Sorry it took me awhile Terry I fletch my own carbon shafts. I really like the "hammerhead" by "Arrow Dynamics". I repeated Dr Ashbey's penetration studies and found the hammer head out preformed not only strait carbons but tapered carbons like the grizzly sticks from Alaska bow hunters supply. Most of the game I hunt is either very big, Moose and bear or really difficult to get to, Dall sheep and mountain goat. Having a tougher than nails arrow is a major plus for me. The arrow dynamics taper also allows me to shoot the same shaft from all my bows! From the long bows to my Bears, they even fyl strait out of the wife's 1955 Kodiak special that only draws 30#, slow as hell but strait! I'm right at 650 for total weight which is perfect since the majority of my bows are at 65#. I shoot the single bevel "samurai" for anything over 1000 pounds, stamped steel is fine for caribou to ducks but griz and moose require a bit more.


----------



## terryf (May 10, 2011)

Rick P said:


> Sorry it took me awhile Terry I fletch my own carbon shafts. I really like the "hammerhead" by "Arrow Dynamics". I repeated Dr Ashbey's penetration studies and found the hammer head out preformed not only strait carbons but tapered carbons like the grizzly sticks from Alaska bow hunters supply. Most of the game I hunt is either very big, Moose and bear or really difficult to get to, Dall sheep and mountain goat. Having a tougher than nails arrow is a major plus for me. The arrow dynamics taper also allows me to shoot the same shaft from all my bows! From the long bows to my Bears, they even fyl strait out of the wife's 1955 Kodiak special that only draws 30#, slow as hell but strait! I'm right at 650 for total weight which is perfect since the majority of my bows are at 65#. I shoot the single bevel "samurai" for anything over 1000 pounds, stamped steel is fine for caribou to ducks but griz and moose require a bit more.


 
Yip, I fletch my own as well. I shoot a synthetic recurve at 50 pounds and a Bowtech Guardian with all the bells and whistles - I must say I enjoy the clean recurve more than the loaded Bowtech as its a lot more challenging.

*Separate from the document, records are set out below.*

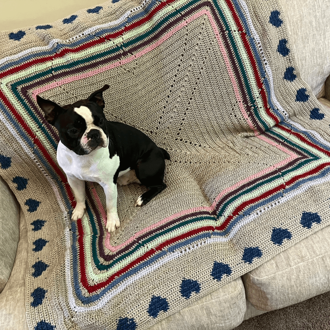 This timeless design is crocheted in the round, featuring four delicate filet hearts that form the centerpiece of the design. Surrounding these larger hearts is a border of smaller hearts, crafted using the tapestry crochet technique. When coming up with a name for this design I came across the word ‘Amore’, which means love in Italian. I felt that this was the perfect way to represent not only the hearts featured in the design, but to embody the love and care that you will put into every stitch.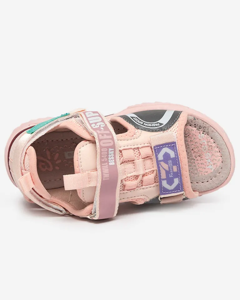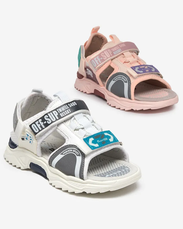 - Modne i wygodne sandały dziecięce na płaskiej podeszwie. Wykonane z połączenia tkaniny i eko-nubuku, zapinane na rzepy. Model z zakrytą piętą – świetne na wakacyjne dni!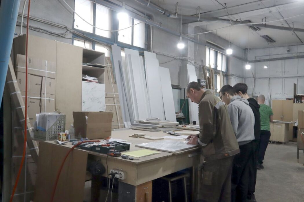 В цехе, как и положено мебельному производству, целый мир, пахнущий деревом и наполненный шумом станков. Чтобы не остаться без рабочих, руководители организовали на производстве практику для студентов. Наставник делится с ними своим особым чувством дерева, учит читать чертежи, видеть и понимать конструктивные особенности, в общем, помогает юношам стать такими мастерами, для которых изготовление мебели – не просто заработок, а творчество,

I would like to give making my own riser and limbs in due course but need a bit of literature first - Ive heard it all goes pear shaped the first few attempts


----------



## Rick P (May 10, 2011)

Get the "traditional bowyer's bible" series! By far the best work on the history and how to of traditional bows and bowyering! Wanna build a sheep eater replica? Its in there. A copy of an African long bow? Yep. Historical bows are more your bag, the books have them too. Yes your first few bows will blow up......some sources say expect the first 12 to have some terminal issue, bowyering especially all natural bows is as much about feel as it is learning a technique. This is how I test fire bows. Over 40# I add bibs and welding gloves! Got slammed in the top of the head by an 80# war bow replica.......developed a bit of a flinch. Yes I know my form sucks!


----------